= Theodore Christian Frye =

American botanist (1869–1962)

Theodore Christian Frye (September 15, 1869, Washington, Illinois – April 5, 1962, Seattle) was an American botany professor and one of the world's leading experts on bryology.

==Biography==
Born on a farm near Washington, Illinois, Theodore C. Frye was the eldest of five boys in a family of ten children. He embarked on a teaching career even before he had completed his own high school degree.

== Education ==
By age 22, Frye had completed all the entrance requirements for his matriculation at the University of Illinois at Urbana–Champaign. There he graduated with a Bachelor of Science degree in 1894. From 1894 to 1896 he was a teacher and high school principal in Monticello, Illinois. From 1896 to 1897 he was a graduate student in botany at the University of Chicago. From 1897 to 1900 was superintendent of schools in Batavia, Illinois.
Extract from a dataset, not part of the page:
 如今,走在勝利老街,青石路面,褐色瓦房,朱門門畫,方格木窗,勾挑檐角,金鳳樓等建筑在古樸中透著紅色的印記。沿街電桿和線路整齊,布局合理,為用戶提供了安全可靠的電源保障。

From 1900 to 1902 he was a graduate student and an assistant in plant histology at the University of Chicago. There he graduated in 1902 with a Ph.D. in botany. His doctoral dissertation, supervised by John Merle Coulter, is entitled A Morphological Study of Certain Asclepiadaceae.

== Teaching ==
From 1902 to 1903 Frye was a professor of biology at Morningside College in Iowa. In 1903, he was appointed professor and head of the botany department at the University of Washington, Seattle, where, for his first five years, he was the only botanist on the faculty. His was joined in 1911 by John William Hotson and George Burton Rigg. The three would be the key faculty for the department for many years.

== Research ==
Frye became a prolific plant collector in the Pacific Northwest region. They collected plants together and she became an expert on alpine rock plants. Theodore C. Frye also collected plants with Robert Fiske Griggs and published, with George Burton Rigg, a flora of the Northwest in 1912. From 1914 to 1930 Frye was the director of the University of Washington's marine station at Friday Harbor (which was called "Puget Sound Biological Station" from about 1917/1918 until 1930 and "Puget Sound Marine Station" before the U.S.A. entered WW I). When he was the director he was also on the editorial board of The Puget Sound Marine Station Publications from 1915 to 1917 and The Puget Sound Biological Station Publications from 1918 to 1930.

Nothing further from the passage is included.